RSA key exchange has been problematic for some time, and not just because it’s not forward-secret. It’s also notoriously difficult to do correctly. In 1998, Daniel Bleichenbacher discovered a vulnerability in the way RSA encryption was done in SSL and created what’s called the “million-message attack,” which allows an attacker to perform an RSA private key operation with a server’s private key by sending a million or so well-crafted messages and looking for differences in the error codes returned. The attack has been refined over the years and in some cases only requires thousands of messages, making it feasible to do from a laptop. It was recently discovered that major websites (including facebook.com) were also vulnerable to a variant of Bleichenbacher’s attack called the ROBOT attack as recently as 2017.

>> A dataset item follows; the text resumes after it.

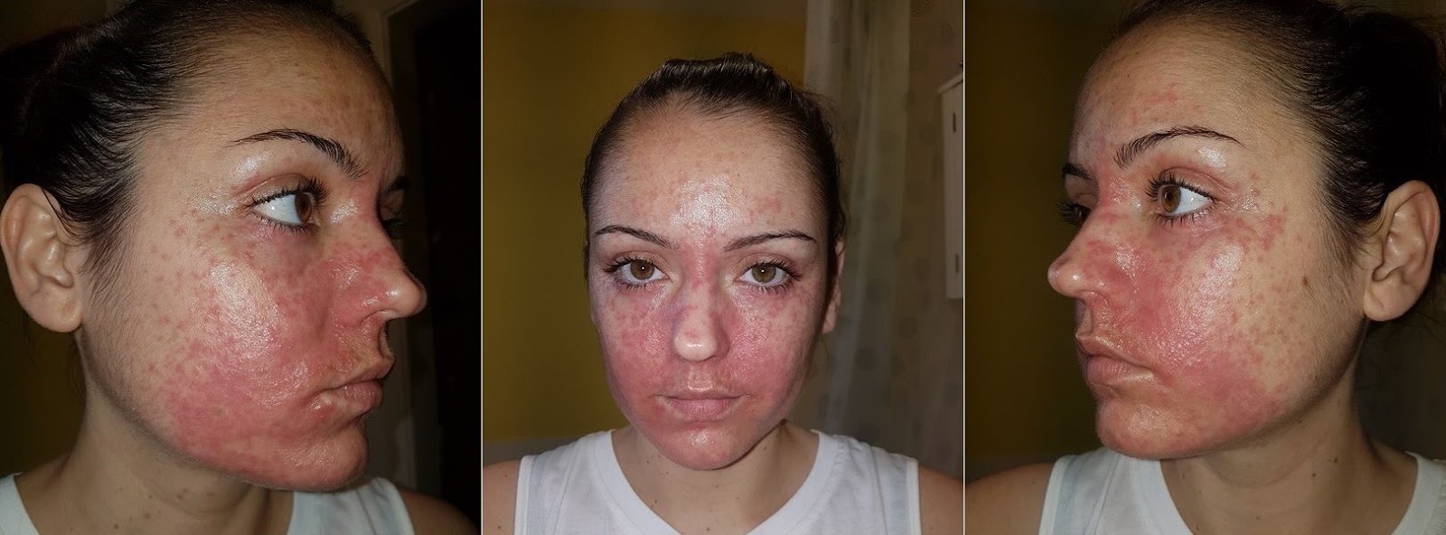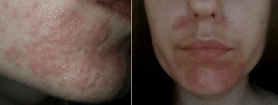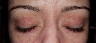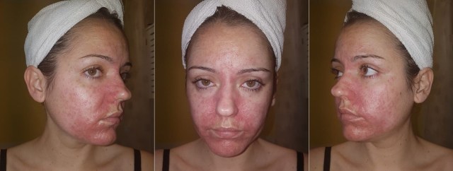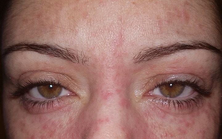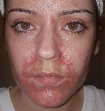The waiting time for a dermatology appointment has tipped me over the edge and all I can do is lay awake and cry with my burning red face. I decide I WILL be going back to the GP, and that will is reinforced when I wake up Monday morning to find it is trailing up my forehead and ALL OVER my cheeks!
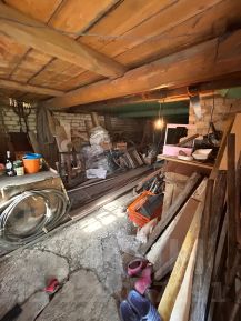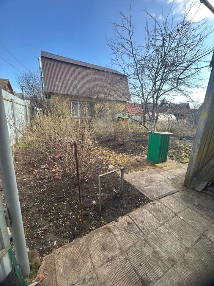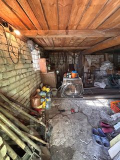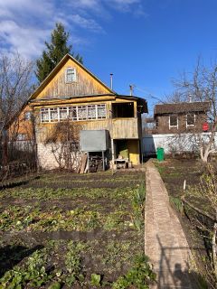 Дом построен из бревен на кирпичном фундаменте. Обшит снаружи досками. Площадь 30 кв. м. В доме печка, электричество. Под домом -гараж. В гараже инструменты, шланги. Участок 3,25 сотки. Прописка разрешена .

To reduce the risks caused by non-forward secret connections and million-message attacks, RSA encryption was removed from TLS 1.3, leaving ephemeral Diffie-Hellman as the only key exchange mechanism. Removing RSA key exchange brings other advantages, as we will discuss in the performance section below.

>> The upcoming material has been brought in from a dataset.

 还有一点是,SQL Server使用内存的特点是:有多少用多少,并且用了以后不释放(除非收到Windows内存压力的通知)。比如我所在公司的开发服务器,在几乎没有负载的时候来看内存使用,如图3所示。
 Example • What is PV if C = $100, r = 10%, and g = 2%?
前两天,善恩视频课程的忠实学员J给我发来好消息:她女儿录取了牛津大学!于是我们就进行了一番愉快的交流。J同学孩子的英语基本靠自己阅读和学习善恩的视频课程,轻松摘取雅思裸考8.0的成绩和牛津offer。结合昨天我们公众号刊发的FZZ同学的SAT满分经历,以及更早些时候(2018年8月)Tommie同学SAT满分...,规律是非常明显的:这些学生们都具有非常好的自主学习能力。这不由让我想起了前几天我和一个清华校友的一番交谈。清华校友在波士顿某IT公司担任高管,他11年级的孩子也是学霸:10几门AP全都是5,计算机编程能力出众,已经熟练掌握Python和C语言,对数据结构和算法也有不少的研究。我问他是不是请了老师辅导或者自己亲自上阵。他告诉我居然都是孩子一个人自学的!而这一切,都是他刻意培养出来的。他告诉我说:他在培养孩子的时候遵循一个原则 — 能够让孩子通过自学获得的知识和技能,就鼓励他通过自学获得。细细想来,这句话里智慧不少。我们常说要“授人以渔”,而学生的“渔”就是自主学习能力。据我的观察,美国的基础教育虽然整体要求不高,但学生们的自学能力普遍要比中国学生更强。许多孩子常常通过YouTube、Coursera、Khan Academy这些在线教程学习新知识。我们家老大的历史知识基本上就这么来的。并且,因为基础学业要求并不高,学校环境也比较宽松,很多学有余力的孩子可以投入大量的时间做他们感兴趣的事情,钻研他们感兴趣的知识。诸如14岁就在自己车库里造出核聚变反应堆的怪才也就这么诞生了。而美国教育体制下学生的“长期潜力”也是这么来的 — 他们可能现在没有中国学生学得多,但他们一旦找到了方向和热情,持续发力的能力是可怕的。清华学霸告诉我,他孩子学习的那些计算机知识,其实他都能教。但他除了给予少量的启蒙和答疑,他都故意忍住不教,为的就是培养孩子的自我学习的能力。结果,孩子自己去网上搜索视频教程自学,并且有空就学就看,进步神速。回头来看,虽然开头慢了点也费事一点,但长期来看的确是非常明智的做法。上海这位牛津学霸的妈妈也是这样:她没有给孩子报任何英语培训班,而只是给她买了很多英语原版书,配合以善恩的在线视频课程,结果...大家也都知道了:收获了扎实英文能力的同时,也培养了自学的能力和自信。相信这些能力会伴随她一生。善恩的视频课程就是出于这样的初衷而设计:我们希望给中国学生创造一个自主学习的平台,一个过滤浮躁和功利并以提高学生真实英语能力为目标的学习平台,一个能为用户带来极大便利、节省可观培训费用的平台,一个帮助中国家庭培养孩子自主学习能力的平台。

Diffie-Hellman named groups
When it comes to cryptography, giving too many options leads to the wrong option being chosen. This principle is most evident when it comes to choosing Diffie-Hellman parameters. In previous versions of TLS, the choice of the Diffie-Hellman parameters was up to the participants. This resulted in some implementations choosing incorrectly, resulting in vulnerable implementations being deployed. TLS 1.3 takes this choice away.
Diffie-Hellman is a powerful tool, but not all Diffie-Hellman parameters are “safe” to use. The security of Diffie-Hellman depends on the difficulty of a specific mathematical problem called the discrete logarithm problem. If you can solve the discrete logarithm problem for a set of parameters, you can extract the private key and break the security of the protocol. Generally speaking, the bigger the numbers used, the harder it is to solve the discrete logarithm problem. So if you choose small DH parameters, you’re in trouble.
The LogJam and WeakDH attacks of 2015 showed that many TLS servers could be tricked into using small numbers for Diffie-Hellman, allowing an attacker to break the security of the protocol and decrypt conversations.
Diffie-Hellman also requires the parameters to have certain other mathematical properties. In 2016, Antonio Sanso found an issue in OpenSSL where parameters were chosen that lacked the right mathematical properties, resulting in another vulnerability.
TLS 1.3 takes the opinionated route, restricting the Diffie-Hellman parameters to ones that are known to be secure. However, it still leaves several options; permitting only one option makes it difficult to update TLS in case these parameters are found to be insecure some time in the future.
The other half of a hybrid crypto scheme is the actual encryption of data. This is done by combining an authentication code and a symmetric cipher for which each party knows the key. As I’ll describe, there are many ways to encrypt data, most of which are wrong.
CBC mode ciphers
In the last section we described TLS as a hybrid encryption scheme, with a public key part and a symmetric key part. The public key part is not the only one that has caused trouble over the years. The symmetric key portion has also had its fair share of issues. In any secure communication scheme, you need both encryption (to keep things private) and integrity (to make sure people don’t modify, add, or delete pieces of the conversation). Symmetric key encryption is used to provide both encryption and integrity, but in TLS 1.2 and earlier, these two pieces were combined in the wrong way, leading to security vulnerabilities.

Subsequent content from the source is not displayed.